**LISTED ENTRIES:**

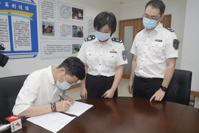 在深圳市市場監(jiān)督管理局南山分局粵海所,記者看到企業(yè)法人現(xiàn)場接受行政處罰決定書,對于違法行為,該負責人表示“已經(jīng)進行整改”。
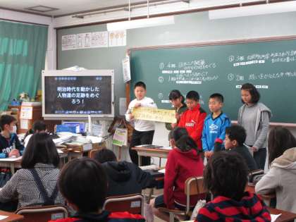 6年生はケータイについての学習と市内めぐりの発表などがありました。市内めぐりの発表ではタブレットと電子黒板をつないで発表にいかしていました。
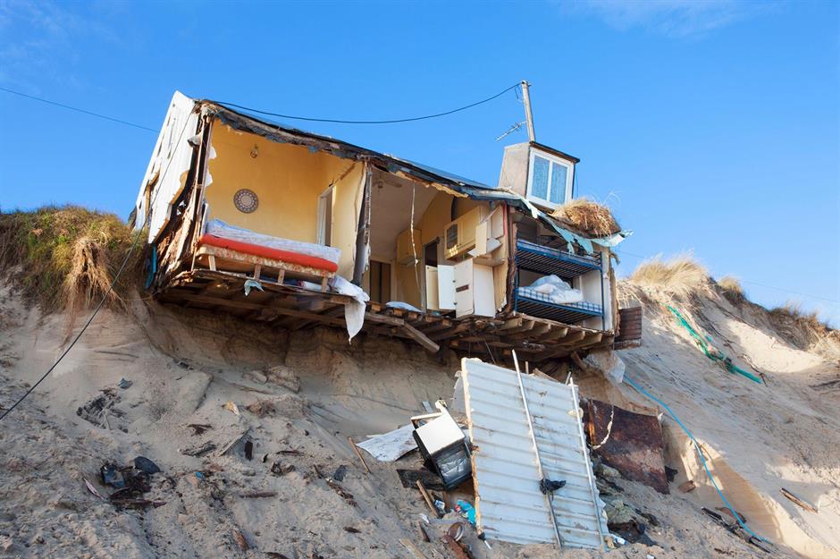 Perchées au bord d’un littoral en constante érosion, ces maisons côtières de la ville britannique de Hemsby, dans le Norfolk, n’avaient aucune chance face à l’une des pires tempêtes que la région ait connues de mémoire d’homme, en 2013.
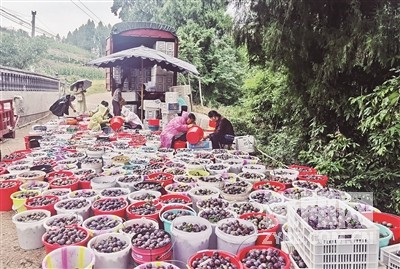 眼下正是李子大量上市的季节。雁江区保和镇黄谷村集体经济凤凰李种植基地喜获丰收。据悉,该村集体经济共种植凤凰李160亩,自6月中旬开始销售以来,已售出10余万斤。目前的批发价为每斤1.4元,零售价每斤5元。图为近日,村民将李子分拣装车。
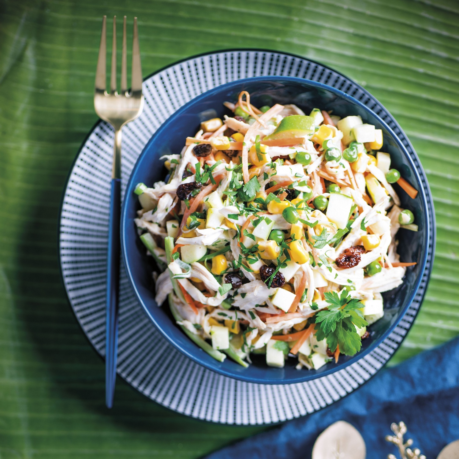 - Piščančje prsi, korenje, zeleno, jabolko, rozine, koruzo in grah zmešamo v veliki skledi in prelijemo s prelivom.
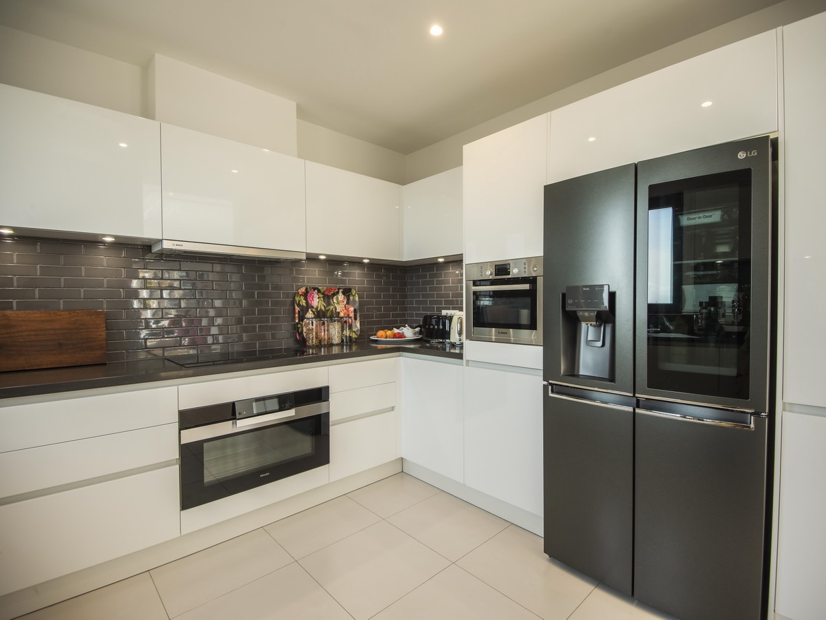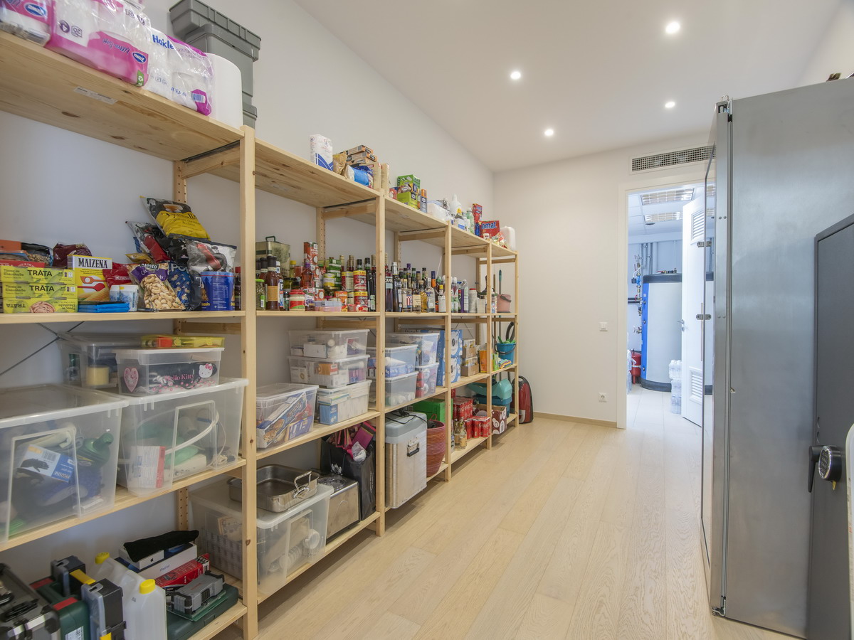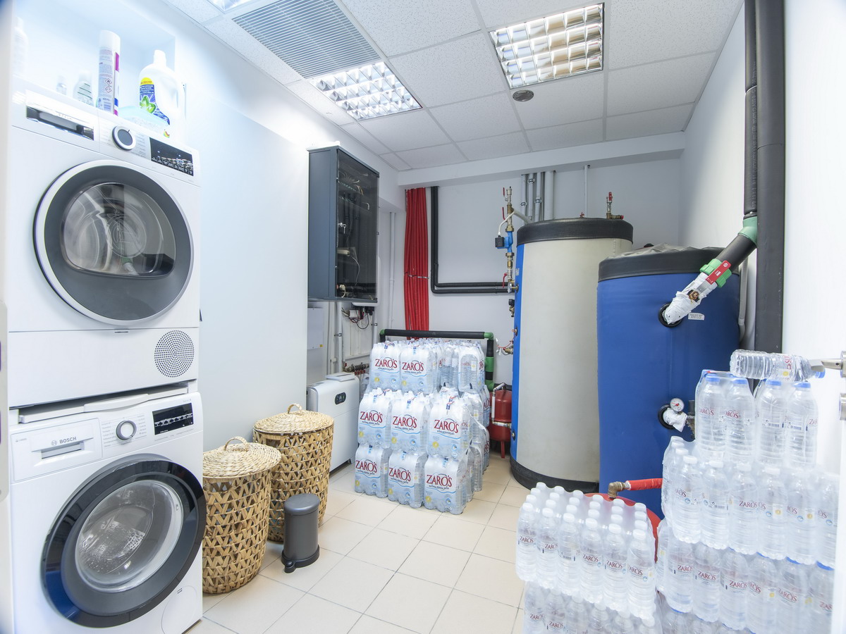 On the lower floor, you’ll find the spacious master bedroom complete with a walk-in wardrobe and en-suite bathroom, as well as three additional double bedrooms, each with its own en-suite. This level also includes a storage room with wine cooler and extra fridge-freezer, plus a technical and laundry area equipped with Bosch washer and dryer.
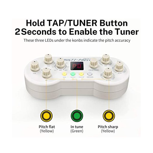 • 【40 Selected Drum Rhythms】 Multi-Pad100 guitar processor has drum machine with 40 selected drum rhythms and metronome function. It’s also built-in tuner.
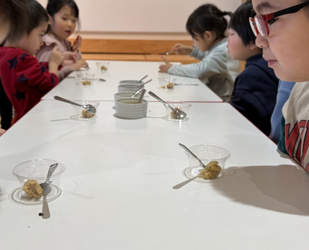給食の時間には各自でお椀に味噌玉を入れました
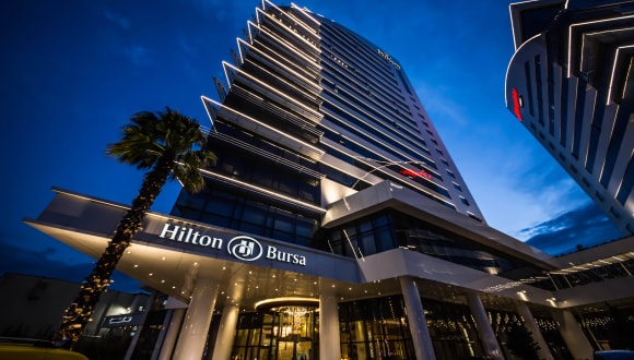 Das 5-Sterne Hilton Bursa Convention Center and Spa bietet Ihnen so einiges, was Ihren Businessaufenthalt in Bursa empfehlenswert macht. Aufgrund der hohen Qualität der angebotenen Dienstleistungen wurde diesem Hotel im Jahr 2014 das HolidayCheck Quality Siegel verliehen. Das Hilton Bursa Convention Center and Spa heißt Sie mit 187 klimatisierten Hotelzimmern willkommen. Das Hotel offeriert ein Café, eine Bar, ein Restaurant, einen VIP-Bereich sowie einen Konferenzraum. Zum Serviceangebot gehört ein Weckdienst.
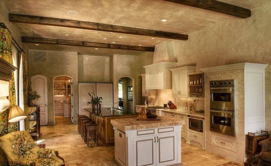 Такой тип отделки предназначен только для больших высоких кухонь. Лучше всего прибегать к установке нескольких уровней при необходимости отделить кухонное пространство от гостиной с помощью ГКЛ. Такие композиции могут быть очень сложными, конструкции подобного типа монтируются специалистами до недели. Также высокие стены позволяют использовать балки, которые хорошо впишутся в интерьеры в стиле прованс, кантри, лофт и пр.

**INSTRUCTIONS FOR THE TASK:** Transcribe nothing but the lines from the one containing "6年生はケータイについての学" through the final line of the records, exactly as written and without pictures.

**EXPECTED ANSWER:**
 6年生はケータイについての学習と市内めぐりの発表などがありました。市内めぐりの発表ではタブレットと電子黒板をつないで発表にいかしていました。
 Perchées au bord d’un littoral en constante érosion, ces maisons côtières de la ville britannique de Hemsby, dans le Norfolk, n’avaient aucune chance face à l’une des pires tempêtes que la région ait connues de mémoire d’homme, en 2013.
 眼下正是李子大量上市的季节。雁江区保和镇黄谷村集体经济凤凰李种植基地喜获丰收。据悉,该村集体经济共种植凤凰李160亩,自6月中旬开始销售以来,已售出10余万斤。目前的批发价为每斤1.4元,零售价每斤5元。图为近日,村民将李子分拣装车。
 - Piščančje prsi, korenje, zeleno, jabolko, rozine, koruzo in grah zmešamo v veliki skledi in prelijemo s prelivom.
 On the lower floor, you’ll find the spacious master bedroom complete with a walk-in wardrobe and en-suite bathroom, as well as three additional double bedrooms, each with its own en-suite. This level also includes a storage room with wine cooler and extra fridge-freezer, plus a technical and laundry area equipped with Bosch washer and dryer.
 • 【40 Selected Drum Rhythms】 Multi-Pad100 guitar processor has drum machine with 40 selected drum rhythms and metronome function. It’s also built-in tuner.
給食の時間には各自でお椀に味噌玉を入れました
 Das 5-Sterne Hilton Bursa Convention Center and Spa bietet Ihnen so einiges, was Ihren Businessaufenthalt in Bursa empfehlenswert macht. Aufgrund der hohen Qualität der angebotenen Dienstleistungen wurde diesem Hotel im Jahr 2014 das HolidayCheck Quality Siegel verliehen. Das Hilton Bursa Convention Center and Spa heißt Sie mit 187 klimatisierten Hotelzimmern willkommen. Das Hotel offeriert ein Café, eine Bar, ein Restaurant, einen VIP-Bereich sowie einen Konferenzraum. Zum Serviceangebot gehört ein Weckdienst.
 Такой тип отделки предназначен только для больших высоких кухонь. Лучше всего прибегать к установке нескольких уровней при необходимости отделить кухонное пространство от гостиной с помощью ГКЛ. Такие композиции могут быть очень сложными, конструкции подобного типа монтируются специалистами до недели. Также высокие стены позволяют использовать балки, которые хорошо впишутся в интерьеры в стиле прованс, кантри, лофт и пр.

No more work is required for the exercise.